Nasıl bi dört gün geçirdim yaaa. Ben hafta başında haftasonu (haftasonu dediysem sadece pazar günü) hep evde olup yatmayı, pineklemeyi öğleden sonrada çarşıya çıkıp en yakın arkadaşımın düğünü için kıyafet almayı düşünüyordum. Ama olmadı. Arkadaşımın evi son vakte kadar hazır olamadı. Evde tadilat vardı. Mutfak dolabı tamamen değişti. Salonun yanındaki oda ile salonun arasındaki duvar kırıldı salon büyütüldü, su tesisatı değiştirildi, fayanslar tamamen değiştirildi... Yani anlayacağınız evde bayağı yoğun bi inşaat işlemi vardı. Ondan dolayı ev yerleştirme işlemlerine bayağı bi geç başladık. cuma günü öğleden sonrada itibaren hep ev yerleştirme ile uğraştık. Ama inşaat işi olduğu için temizlikte uzun sürdü. Musluğu olmayan mutfakta koca bi mutfağı dolduracak eşyaların (bardak, tabak,çanak, çömlek...) hepsini yıkadık. Bütün gün biz işte yorulduk, ben içtiğim suyun bardağını bile yıkamam diyen erkek arkadaşlara da zor zoruna yıkananları kurulattık, yerlerine yerlettirdik. (Yaşasın kötülük) :) Sonra hazır Türk Kahvesi yaptık dört arkadaş yeni yerleştirdiğimiz evin ilk kahvesini içtik. Eee ne var bunda demeyin kahve seanslarımız bizim çok önemlidir. Kahveler içilir, fincanlar kapatılır,  fallar bakılır. :) Eee tabi buna pek de şahit olmayan erkek arkadaşlara da kahve falına baktık. Çok komiklerdi yaaaa :) Sonra gecenin 3 ünde oturduk scrable oynadık. İki kız bir grup olduk. İki erkek bi grup. Çok zevkliydi. Arkadaşlar bi yandan oyun oynuyor, bi yandan da uykusuzluktan kapanan gözlerine hakim olmaya çalışıyorlardı. :) Ama sonuç onlar için hüsran oldu. Biz kazandık. :) Neyse artık saat 4 buçuk olmuştu ve arkadaşım hariç üçümüzde işe gidecektik. 4 buçukta yattık 6 buçukta biz kalktık. Erkekleri yarım saat süren uğraşlar neticesinde uyandırabildik. Uyandıklarında çok komik görünüyorlardı. :)
Dün akşam yine toplandık. Evdeki son düzenlemeleri yaptık. Ev artık hazır. Çok yorucu ama çok da eğlenceli 4 gün oldu. Ama bunları yazarken 4 günün uykusuzluğundan dolayı gözlerim acıyor. Perşembe günü  Ankara'ya gideceğim. Düğün Ankara'da olacak. Artık düğünde bi güzel kurtlarımızı dökeriz. Muhtemelen de pazar gecesi geri döneceğiz. Ben yine uykusuz bi vaziyette işe devam. Artık uzun uzun uyumak için bi sonraki pazarı dört gözle bekleyeceğim. İşte bu kadaaaaar. 4 günümün özeti. :)
Bu arada canım Beyaz Ablam bana bi ödül vermiş. Çok çok çok teşekkür ederim ablacım. Öpüldün :)

4 Ekim 2012 Perşembe

ŞİİRLİ, ÇALGILI ÇENGİLİ, UÇTUĞUMUZ KAÇTIĞIMIZ HER TELDEN MÜZİKLİ MİM :)

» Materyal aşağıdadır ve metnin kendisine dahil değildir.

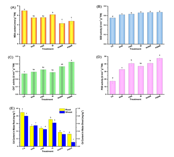 为了提高农作物产量,农药化肥被大量施用,从而导致土壤板结、重金属污染等一系列生态环境问题。其中,镉污染严重影响农作物的生长发育和农产品的品质安全,从而威胁到人体健康。玉米是我国三大粮食作物之一,也是重金属镉的富集作物。因此,探究镉污染土壤玉米种植过程中,减少农药化肥的施用,降低镉的生物利用度,促进玉米的生长发育成了亟待解决的问题。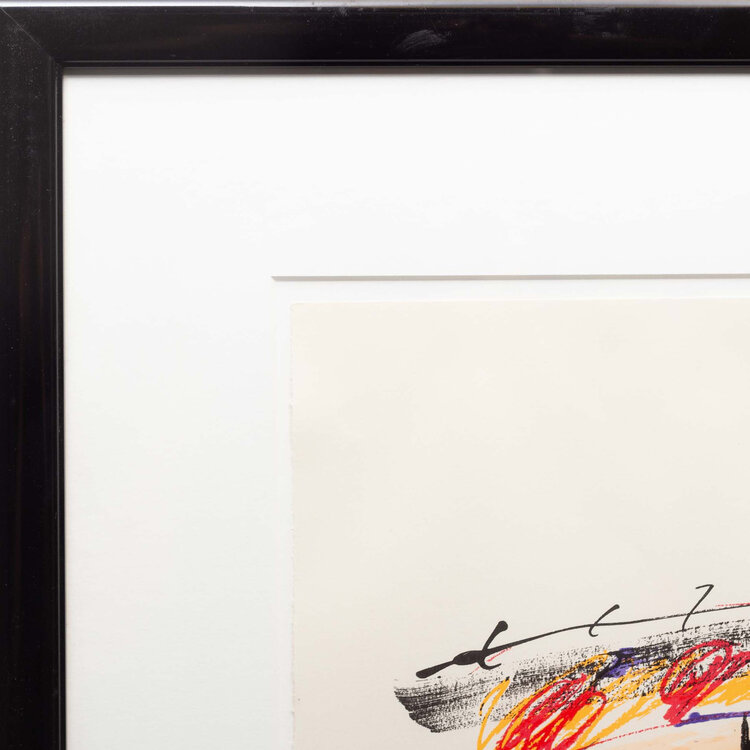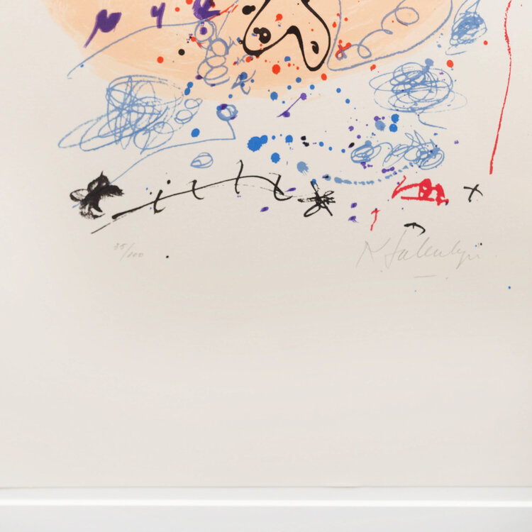 Kees Salentijn, Compositie, jaartal onbekend. Zeefdruk oplage 35/100. Abstracte voorstelling in zwart, rood, blauw, paars en geel. Linksonder oplagenummer, rechtsonder signatuur. Het werk is ingelijst in passe partout achter museumglas. Conditie: goed, enkel lichte gebruikssporen aan de lijst. Afmeting: 71 x 53 cm.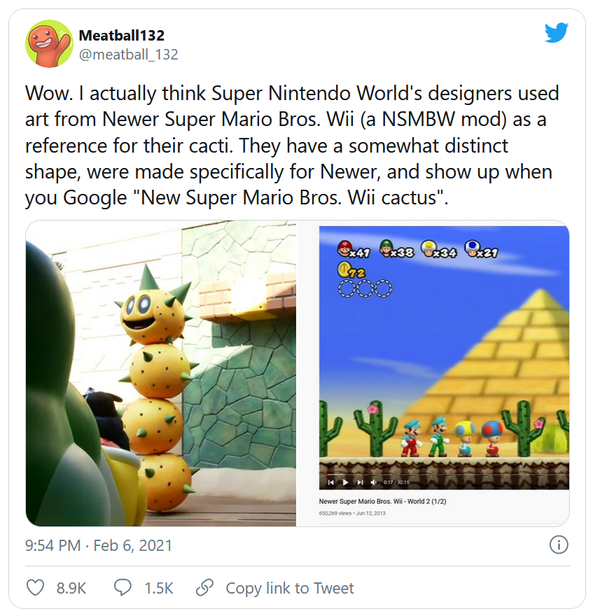 Depuis plusieurs mois maintenant, les internautes du monde entier peuvent découvrir semaine après semaine l'avancement du Super Nintendo World. Et même si son ouverture est décalée encore et encore à cause de la Covid-19, ce dernier continue de se dévoiler par petits bouts. Récemment, c'est l'un des décors du parc qui a dévoilé de sa superbe. Sur Twitter, un internaute du nom de Meatball132 a expliqué dans un tweet que les cactus du Super Nintendo World provenaient non pas d'un jeu officiel mais de Newer Super Mario Bros. Wii, un mod de New Super Mario Bros. Wii.

Bi kaç gün aradan sonra yine geldim. Ya hergün yazmak istiyorum ama malum işler güçler pek fırsat olmuyor :(
Neyse çok güzel bir mim dolanıyor ortalarda. Çalgılı çengili müzikli bir mim. Bitanecik Beyaz Ablam (cidden bitane) beni mimlemiş, bende hazır ortalık sessiz sakinken mimi yapayım dedim.
Eveeeeet başlıyorum :)

1-Sesinizin çok güzel olduğunu farzedin ve ideal sahne performansınızı tarif edin.(Hangi şarkıyı söylerdiniz,nasıl giyinirdiniz,size kimler ya da hangi aksesuarlar eşlik ederdi?)
Bi kere sesim berbat. Güzel olmasını isterdim ama maalesef berbat. Ama güzel olduğunu varsayalım. Ben küçükken Gülben Ergen bi albüm çıkarmıştı. Uçacaksın diye. O zaman çok hoşuma gitmişti. Ve Gülben'i hala çok severim. :) O albümün tanıtımını bi konserle yapmıştı. İşte oradaki gibi bi sahne ışıklar falan süper olurdu. Çocukluk hayali diyelim biz buna. :)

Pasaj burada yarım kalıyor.